Postby Demerise831 » Tue May 21, 2019 11:01 pm

xscreen wrote:I relate to this post so much. I've been dealing with intrusive thoughts about a similar experience when I was in my teens. This happened when I was 15-16-17 I can't really recall exactly how old I was (that kinda freaks me out) and the other person involved was way younger than me. Happened during like a wrestle or something I can't really remember how, but it ended up in some rubbing that up until this day disgusts me. The other person didn't even know this occurred because it was during a game. No threats or force were involved.
The memories hit me up all of a sudden and to be honest, I was overwhelmed and I didn't know what to make of them. Sometimes I still believe I was an abuser and that is debilitating. The fact that I can't remember everything clearly makes everything worse. OCD makes you wanna have control over everything but you can't control thoughts. They can pop up whenever/wherever and they are not even complete, so you fill up the holes with the worse ideas. "What if?"
I just started with antidepressants (sertraline) to deal with anxiety/OCD and I'm having therapy sessions. My therapist says it's somehow normal to engage in that type of behavior when you are exploring sexuality but I'm still troubled about the age thing. I guess we all develop differently and we need to understand that we cannot analyze things that happened years ago when we were young with an adult mindset. I just came here to tell you that you are not alone, it's damn hard sometimes but you are not a bad person. I hope you get the help you need.

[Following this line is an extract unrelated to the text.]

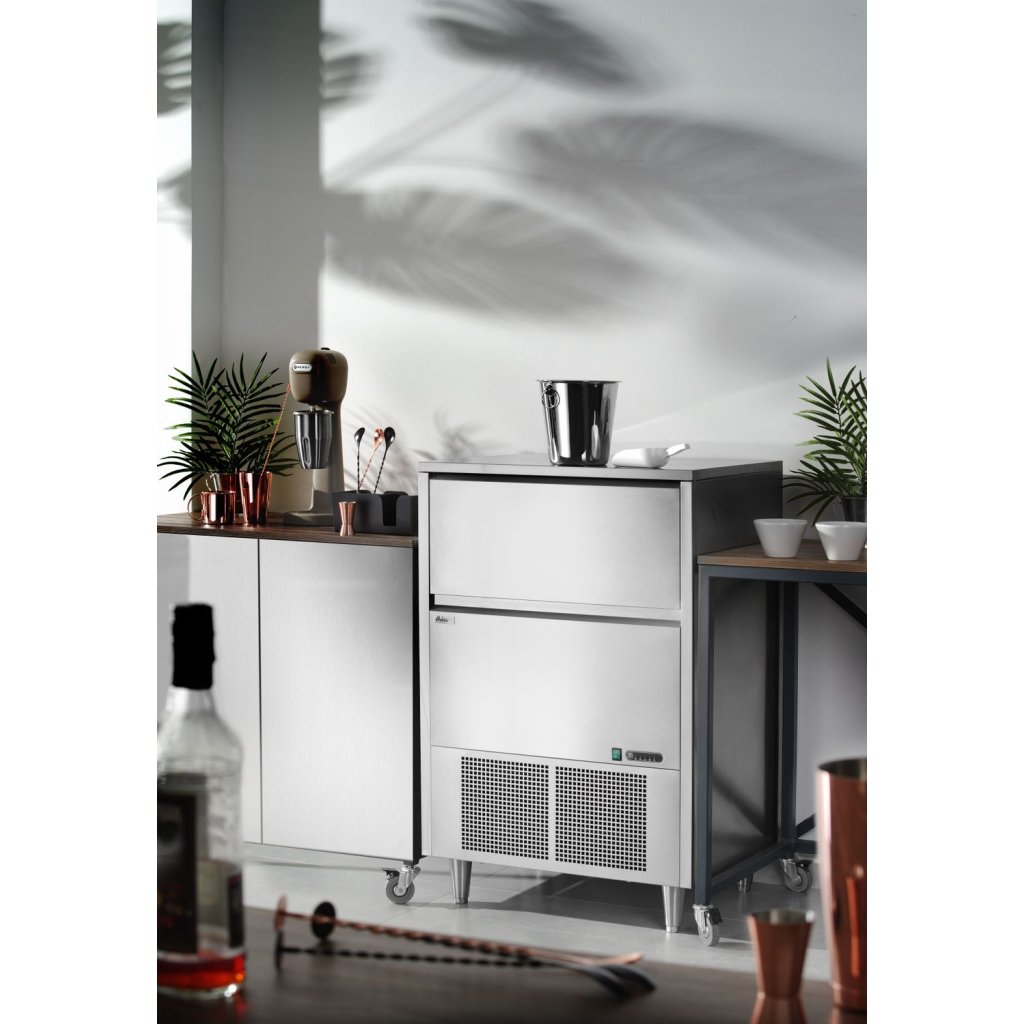 Puzdro je vyrobené z nehrdzavejúcej ocele. Vytvára číre kocky ľadu, ktoré sa topia pomalšie ako iné druhy ľadu. Vzduchom chladené - statické chladenie s ventilátorom. Indikátory nízkej hladiny vody a plnej nádoby na ľad. Funkcia automatického odmrazovania a automatického čistenia. Kapacita nádoby na ľad: 45 kg. Výrobná kapacita: 80 kg/24 h. Chladivo: R290.Buďte prvý, kto napíše príspevok k tejto položke.

Hi there. I am a 34 year old female. With a similar situation. When I was around the age of 12 I acted inappropriately while babysitting on two separate occasions. It was never preplanned. I was and have never been attracted to children. I have basically suppressed these memories until about two months ago and now it has consumed me. I don’t understand how I could have not thought about it all these years. I sometimes wonder whether it really happened or was a dream/what I was thinking. Both were with little children around 1-2years. The first situation I was holding the child and placed their hand over top my privates. I just wanted to know what it would feel like. The second situation I struggle to know if it indeed happened because the memory is so fuzzy and lacks details. But basically after I had changed the child I wanted to know what it would feel like to press myself against them.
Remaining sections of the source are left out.